Union Buildings, South Africa

In 1909 Baker was commissioned to design the Government Building of the Union of South Africa (which was formed on 31 May 1910) in Pretoria. Pretoria was to become the administrative centre for the new government. In November 1910, the cornerstone of the Union Buildings was laid.

Lord Selborne and Henry Charles Hull, a member of the first Union Cabinet, chose Meintjieskop as the site for Baker's design. The site was that of a disused quarry and the existing excavations were used to create the amphitheatre, which was set about with ornamental pools, fountains, sculptures, balustrades, and trees.

The design consisted of two identical wings, joined by a semi-circular colonnade forming the backdrop of the amphitheatre. The colonnade was terminated on either side by a tower. Each wing had a basement and three floors above ground. The interiors were created in the Cape Dutch Style with carved teak fanlights, heavy doors, and dark ceiling beams contrasting with white plaster walls and heavy wood furniture. Baker used indigenous materials as far as possible. The granite was quarried on site while Buiskop sandstone was used for the courtyards. 

Stinkwood and Rhodesian teak were used for timber and wood panelling. The roof tiles and quarry tiles for the floors were made in Vereeniging. The Union Buildings were completed in 1913, after which Baker left for New Delhi from where he returned home to England.

Rhodes Cottage, Boschendal South Africa
In 1897, Cecil John Rhodes started large scale fruit farming in the Drakenstein Valley and commissioned Baker to design his country retreat on the farm Nieuwedorp at Boschendal. In contrast to the spectacular mountain views, the brief was to design a simple country cottage combining Cape cottage features and incorporating indigenous yellowwood and stinkwood in the interior. It was intended to accommodate only Rhodes, his secretary and a butler.

The first name recorded in the guestbook was that of Sir Alfred Milner, erstwhile Governor of the Cape Colony and British High Commissioner at the outbreak of the South African War (Boer War). The cottage was later to host the Duke and Duchess of Devonshire, the Earl of Athlone, former Governor-General of South Africa, and his wife Princess Alice, granddaughter of Queen Victoria.
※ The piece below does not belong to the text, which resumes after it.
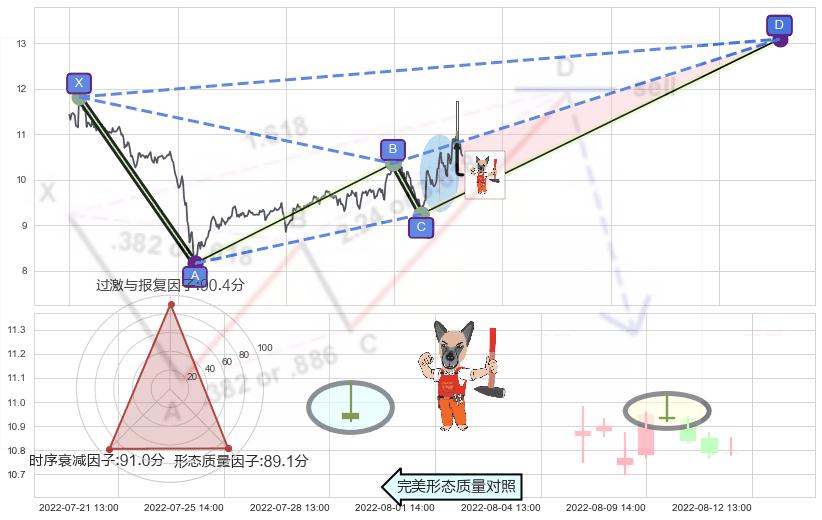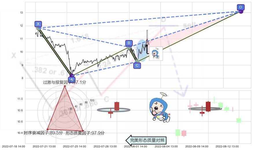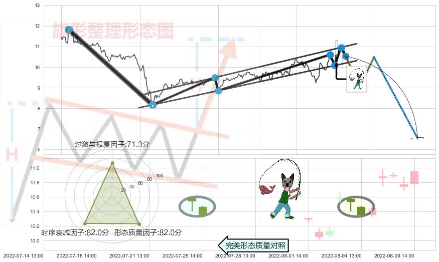 ➢ 🕰 价格走势在2022-08-09 13:00:00至2022-08-09 14:00:00期间形成上涨螺旋桨形态,残存影响值:8.38

In the 1990s the cottage was revamped and refitted while preserving its character. It stands on Estate 20, one of the Founders' Estates which form Phase 1 of the residential development of Boschendal.

India

In 1912 Baker went to India to work with Lutyens, and went on to design the Secretariat Building in New Delhi and Parliament House, also in New Delhi. He also designed the bungalows of Members of Parliament in New Delhi. Baker designed the two Secretariat buildings flanking the great axis leading to what was then Viceroy's House, the palace of the Viceroy of India, now known as Rashtrapati Bhavan (President's House).

United Kingdom
Works from 1913 include:

 War Memorial Building, Harrow on the Hill (English Heritage TQ1534987385)
South Africa House, the South African High Commission building in Trafalgar Square, London
India House, Aldwych (1925–1930), the Indian High Commission, opened by King George V on 8 July 1930.
The Port Lympne Mansion (now a zoo) in Kent in south-east England
One of the grandstands at Lord's Cricket Ground in London; Baker presented the Marylebone Cricket Club with Old Father Time, a weather vane in the shape of Father Time, which adorned his stand until it was replaced in 1996. The weather vane, now a famous symbol of the home of cricket, was moved to another stand at the ground. He also designed the Grace Gates at Lord's.
The North Range of Downing College, Cambridge. The design was based on that of the original architect of the college, Williams Wilkins.
Rebuilding of the Bank of England, London, demolishing most of Sir John Soane's original building. Described by Nikolaus Pevsner in 'Buildings of England' as "the greatest architectural crime, in the City of London, of the twentieth century".
The War Cloister at Winchester College.
Rhodes House in Oxford, headquarters of the Rhodes Scholarships.
Goodenough College, London.
 Scott Polar Research Institute, Cambridge (1933–34).
 Busby's House, Westminster School, situated at 23 Great College Street. The building was erected in 1936.
 Church House, Westminster, built throughout the late 30s and opened by King George VI on 10 June 1940.

War memorials
Ascot War Memorial, Berkshire
Wadhurst War Memorial, East Sussex
Blackmoor War Memorial, Hampshire
Hampshire, Isle of Wight and Winchester War Memorial, Winchester Cathedral, Hampshire
Hatfield War Memorial, Hertfordshire
County of Kent War Memorial Cross, Canterbury, Kent
Harrow School War Memorial Building, Harrow School, London
Etchingham War Memorial, East Sussex

Belgium

Following the First World War, Baker was appointed one of four principal architects by the Imperial War Graves Commission to design war cemeteries and monuments for British Commonwealth soldiers killed in the conflict. Out of this came the design for Tyne Cot Cemetery, the largest British war cemetery in the world sited in Passchendaele near Ypres in Belgium, opened in July 1927. Baker had earlier designed the war memorial at Winchester College, influences for which he carried over to his work on Tyne Cot.

Kenya

Sir Edward Grigg, Governor of Kenya from 1925 to 1931, invited Baker to visit Kenya in 1925.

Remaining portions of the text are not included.